In a recent column, my friend Elizabeth Hamilton does a great job summarizing much of the research presented Oct. 7. As she observes, we’re all hopeful, yet still want more.
Many emotions, all of them valid
Every year, I see more and more children with Friedreich’s ataxia (FA) at the symposium. I see the fear plastered on their parents’ faces as they feverishly scribble notes about research. Sometimes the kids look fearful, but often they’re busy connecting with their peers.
It might be that I see more children because at 62, I’m one of the oldest people with FA at the event, so I think everyone younger than me is a child! But I hope it’s really because doctors are better at diagnosing FA now, and consequently, families are joining our community sooner.
I have many mixed emotions when I see children with FA. Firstly, I simply feel sad. These children should be riding their skateboards, learning to do a cartwheel, catching frogs from a stream, or whatever their heart desires. They shouldn’t be struggling to walk at the age of 10.
Next, I feel angry. FA is a tough disease with difficult symptoms. No one should have it, especially not a child. I don’t want that beautiful child across the room to have it. I want the end of FA. The sooner there is a cure, the better.

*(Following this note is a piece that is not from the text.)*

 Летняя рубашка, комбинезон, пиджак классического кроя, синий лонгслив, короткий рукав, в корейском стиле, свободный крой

This might sound weird, but if I could bargain away FA for them, I would. I think that if my FA could be more severe so that they wouldn’t have it, I’d do it. This, of course, is magical thinking, something that’s been a part of me since my younger sister was diagnosed with FA. Back then, I immediately wished I could have all of my family’s FA so that she didn’t have to.

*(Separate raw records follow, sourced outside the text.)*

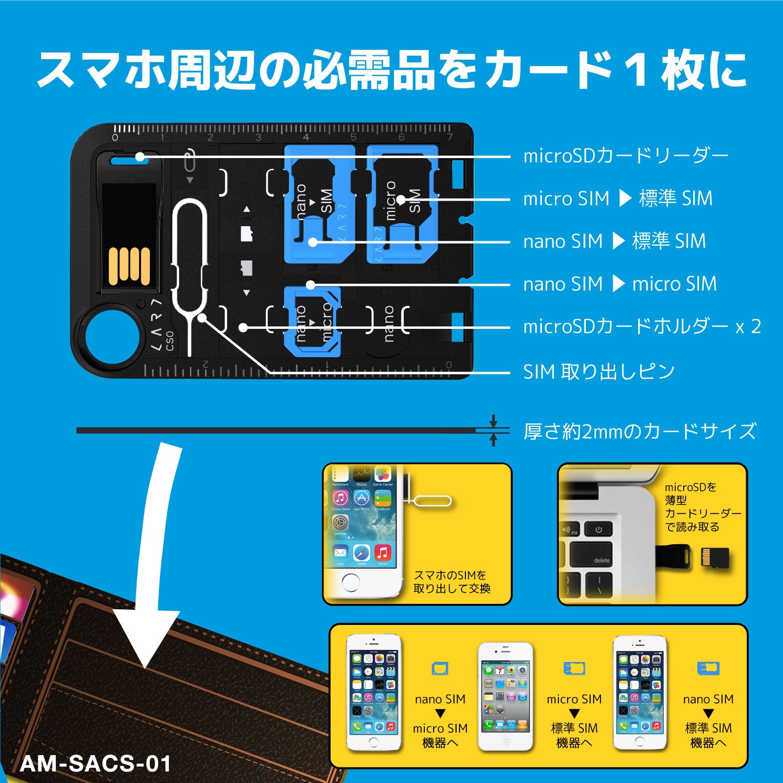 ● Thin card reader replaces USB memory
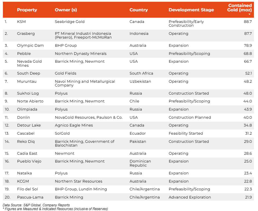 尽管按实测和显示的黄金资源(包括储量)排名的 20 个最大的资产中,有一些面临着投入生产的艰苦战斗,而且许多绿地资产已停滞多年,但随着金价持续上涨,潜在项目的储备仍在不断增加。
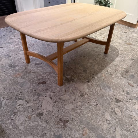 Pent brukt sofabord i heltre eik. Solid og «tungt» bord. Ingen synlige riper eller skader. Kvadratisk bord, glassplatene kan tas ut ved ved behov. Hylle for oppbevaring under.

Then I feel glad that they are here with their community. I feel this for the parents, too. As a 2023 article in the Orphanet Journal of Rare Diseases points out, children and families dealing with rare diseases need emotional support and access to good medical information, as well as better ways to cope with daily living. Being among members of the FA community can help provide that.

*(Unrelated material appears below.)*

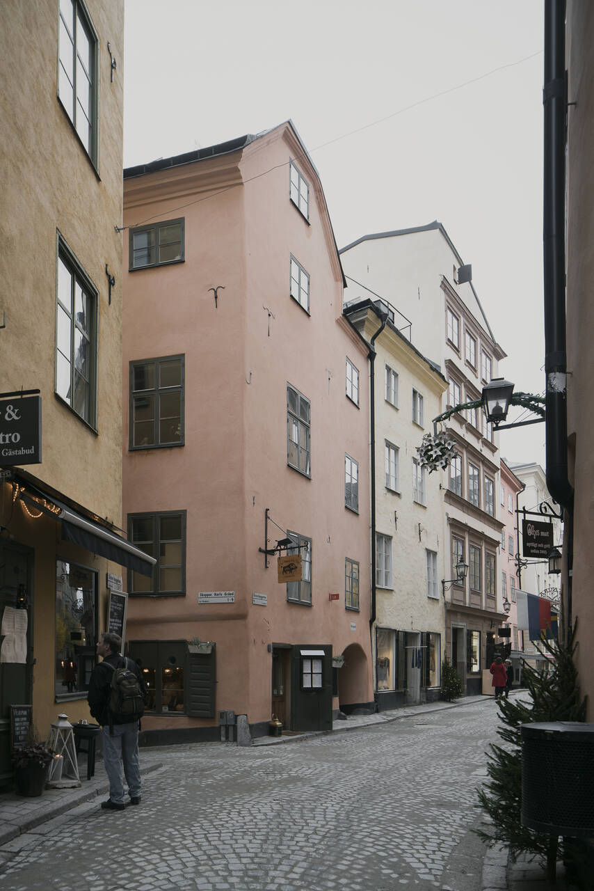 “The Wichman House” is one example of the old medieval brick houses in Stockholm Old Town. The old walls of the main part of the building rise from street level and include the third floor. In the café in the ground floor (previously used for different purposes, such as shop, storage - even for animals - and as a tavern) the original wooden raftered ceiling can be seen, probably as old as from the 1480’s.

I also feel glad that, led by FARA, we find ourselves with the first and only approved treatment for FA for patients 16 and older. As Elizabeth explains, Skyclarys (omaveloxolone), marketed by Biogen, is also entering a Phase 1 clinical trial for pediatric patients.
When it comes to treatments and a cure, it’ll never be soon enough. Nevertheless, I’m hopeful that, unlike me, the young people I see won’t have to live four decades knowing that they have FA without a treatment.
I also feel proud that I contributed to the onset of this hopeful time. I participated in clinical trials and a natural history study, hosted fundraisers, helped to create FARA’s ambassador program, and more.
Mostly, I feel welcoming. I’m sorry that these children and their families have to be part of the FA community. However, I’m super glad they’re here, where they need to be, with people who understand what they’re going through and can help them forge their path.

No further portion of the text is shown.